DESCRIPTION OF THE TASK — Repeat the data in full. Drop every picture.

Data entries
____
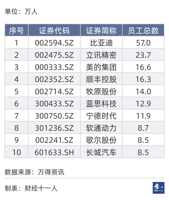 比亚迪员工总数57万人,是民企第1,也是所有A股第1。在全部A股公司中,员工第2名是中国移动,员工总数为45万人,第3名是农业银行,员工总数为44万人。
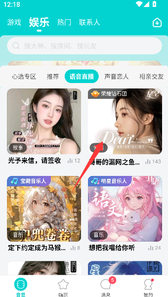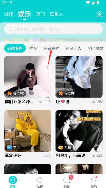 1、在软件首页界面中,可以轻松找到并点击显眼的“语音直播”入口,一键即可进入直播广场。
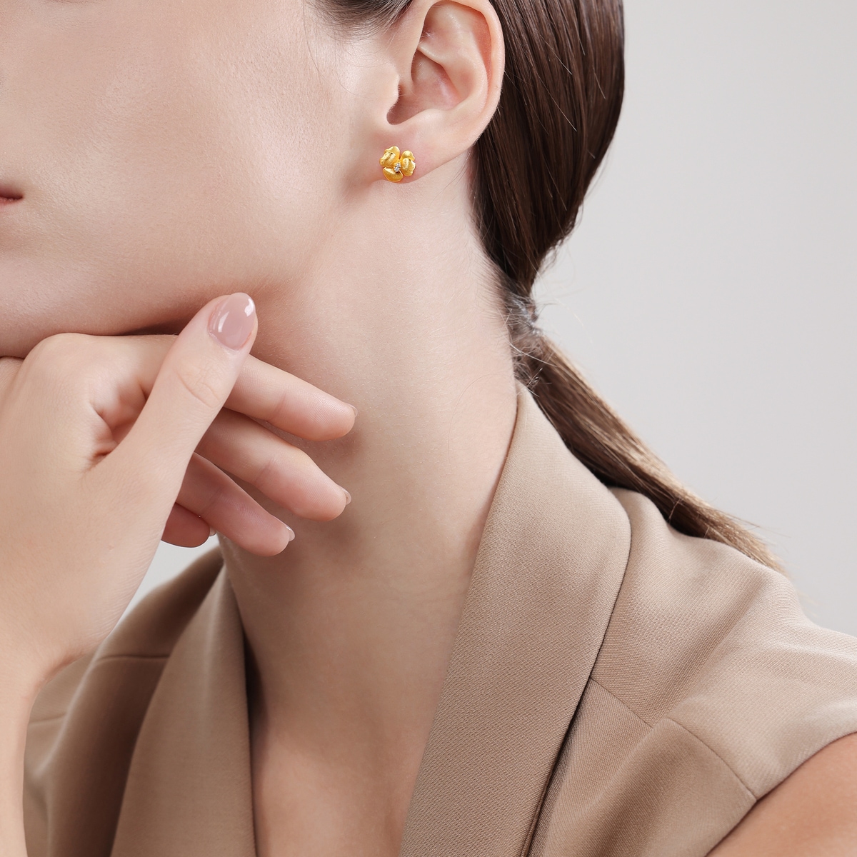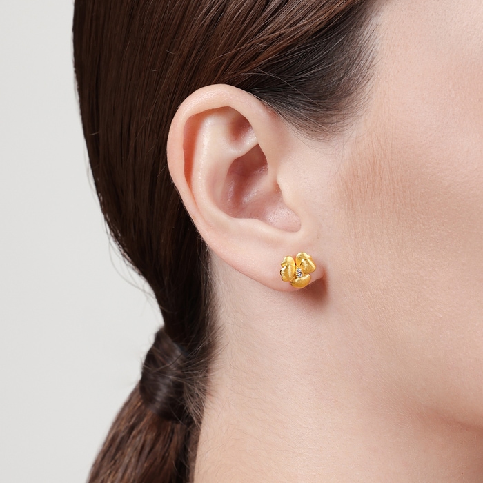 周生生足金耳環以三色堇為設計靈感,結合卓越黃金工藝,巧以美鑽化作花蕊,結合精緻勾絲工藝刻劃出花瓣紋理,造型逼真細緻、高貴典雅,藉著三色堇的花語「請思念我,讓我們交往」,送上真摯表白。
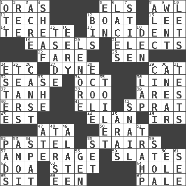 ACROSS 1. Mouths or openings 5. Raised railways 8. Leather borer 11. Technical 12. Water vessel 13. Area sheltered from the wind 14. Cylindrical with tapered ends 17. Happening 19. Artist's stands 21. Opts 22. Conductor's collection 23. Elected rep. 24. And so on (abbr.) 27. Centimeter-gram-second unit of force 29. Domesticated feline 32. Gospel singer Marvin 34. Sep. follower 36. Actor's bit 37. Hyperbolic tangent 38. Friend of Pooh 39. Ancient Greek god of war 40. Celtic language 41. Connecticut Ivy Leaguer 42. Small fatty European fish 43. Eastern Standard Time (abbr.) 44. Liveliness 46. Big collection agency 47. "One Day ___ Time" 50. Part of Q.E.F. 52. Soft color 55. Flight of steps 57. Electrical Measurement 59. Chalkboards 62. ___ good deed 63. Proofreading order 64. Undercover agent 65. Be seated 66. Car or cant ending 67. Diluted with white DOWN 1. Baseball player Mel 2. To riddle 3. Land measure 4. To gather and bind into a bundle 5. Period of immesurable duration 6. Shoestrings 7. Vertical member of a panel or frame 8. Actor Baldwin 9. Gone 10. Allows 12. Twice 15. Sadhe (variant) 16. Suggestive of the supernatural 18. Lair 20. Poe poem 24. First name in cosmetics 25. Separates forcefully 26. 2nd pers. sing. pres. of can (arch.) 28. Learning spot: Fr. 29. High-altitude cloud 30. Approach 31. Trials 33. A female animal or person 35. Bathroom 36. Infant locale 42. Slow-paced one 45. Ancient river in northeast Turkey 47. Had dinner 48. Laconic 49. Having winglike extensions 51. _____ steamer (cargo ship) 52. Writing tablets 53. Mine, in Marseilles 54. Petty quarrel 55. Arrange properly for use 56. Portico 58. Commissioned mil. rank 60. Pipe bend 61. Observe
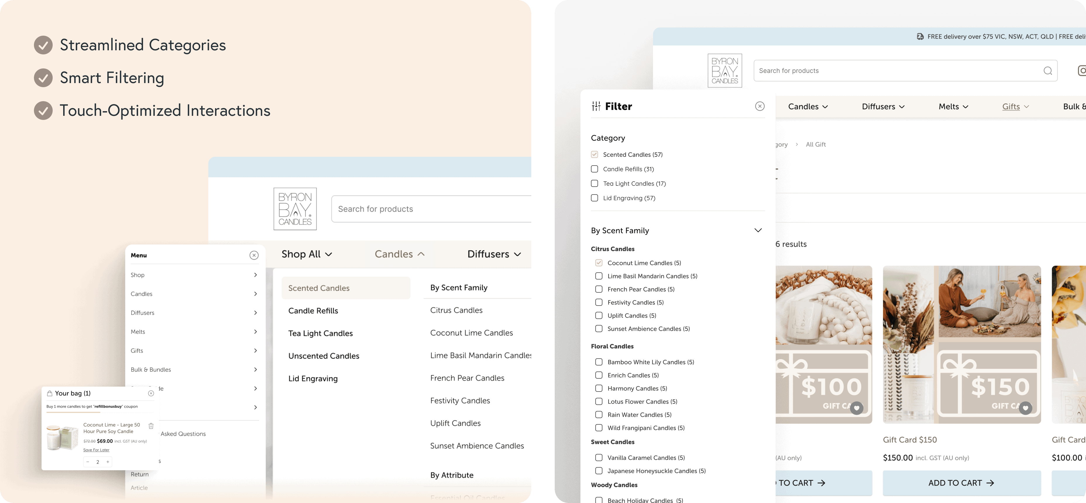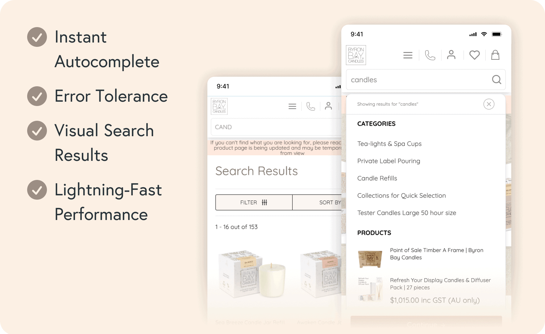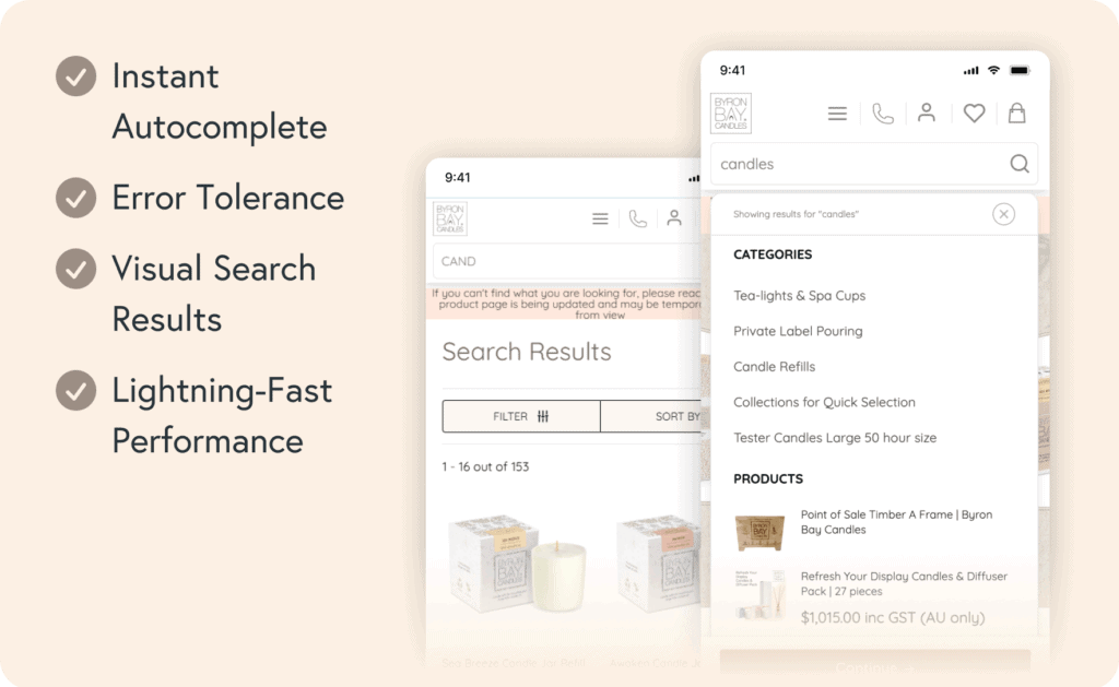 - Search That Failed: With 40% of ecommerce users preferring search, Byron Bay Candles was hemorrhaging potential sales. The search delivered limited results, couldn’t handle misspellings, and lacked visual feedback about result counts.
____
EXERCISE ANSWER —
 比亚迪员工总数57万人,是民企第1,也是所有A股第1。在全部A股公司中,员工第2名是中国移动,员工总数为45万人,第3名是农业银行,员工总数为44万人。
 1、在软件首页界面中,可以轻松找到并点击显眼的“语音直播”入口,一键即可进入直播广场。
 周生生足金耳環以三色堇為設計靈感,結合卓越黃金工藝,巧以美鑽化作花蕊,結合精緻勾絲工藝刻劃出花瓣紋理,造型逼真細緻、高貴典雅,藉著三色堇的花語「請思念我,讓我們交往」,送上真摯表白。
 ACROSS 1. Mouths or openings 5. Raised railways 8. Leather borer 11. Technical 12. Water vessel 13. Area sheltered from the wind 14. Cylindrical with tapered ends 17. Happening 19. Artist's stands 21. Opts 22. Conductor's collection 23. Elected rep. 24. And so on (abbr.) 27. Centimeter-gram-second unit of force 29. Domesticated feline 32. Gospel singer Marvin 34. Sep. follower 36. Actor's bit 37. Hyperbolic tangent 38. Friend of Pooh 39. Ancient Greek god of war 40. Celtic language 41. Connecticut Ivy Leaguer 42. Small fatty European fish 43. Eastern Standard Time (abbr.) 44. Liveliness 46. Big collection agency 47. "One Day ___ Time" 50. Part of Q.E.F. 52. Soft color 55. Flight of steps 57. Electrical Measurement 59. Chalkboards 62. ___ good deed 63. Proofreading order 64. Undercover agent 65. Be seated 66. Car or cant ending 67. Diluted with white DOWN 1. Baseball player Mel 2. To riddle 3. Land measure 4. To gather and bind into a bundle 5. Period of immesurable duration 6. Shoestrings 7. Vertical member of a panel or frame 8. Actor Baldwin 9. Gone 10. Allows 12. Twice 15. Sadhe (variant) 16. Suggestive of the supernatural 18. Lair 20. Poe poem 24. First name in cosmetics 25. Separates forcefully 26. 2nd pers. sing. pres. of can (arch.) 28. Learning spot: Fr. 29. High-altitude cloud 30. Approach 31. Trials 33. A female animal or person 35. Bathroom 36. Infant locale 42. Slow-paced one 45. Ancient river in northeast Turkey 47. Had dinner 48. Laconic 49. Having winglike extensions 51. _____ steamer (cargo ship) 52. Writing tablets 53. Mine, in Marseilles 54. Petty quarrel 55. Arrange properly for use 56. Portico 58. Commissioned mil. rank 60. Pipe bend 61. Observe
 - Search That Failed: With 40% of ecommerce users preferring search, Byron Bay Candles was hemorrhaging potential sales. The search delivered limited results, couldn’t handle misspellings, and lacked visual feedback about result counts.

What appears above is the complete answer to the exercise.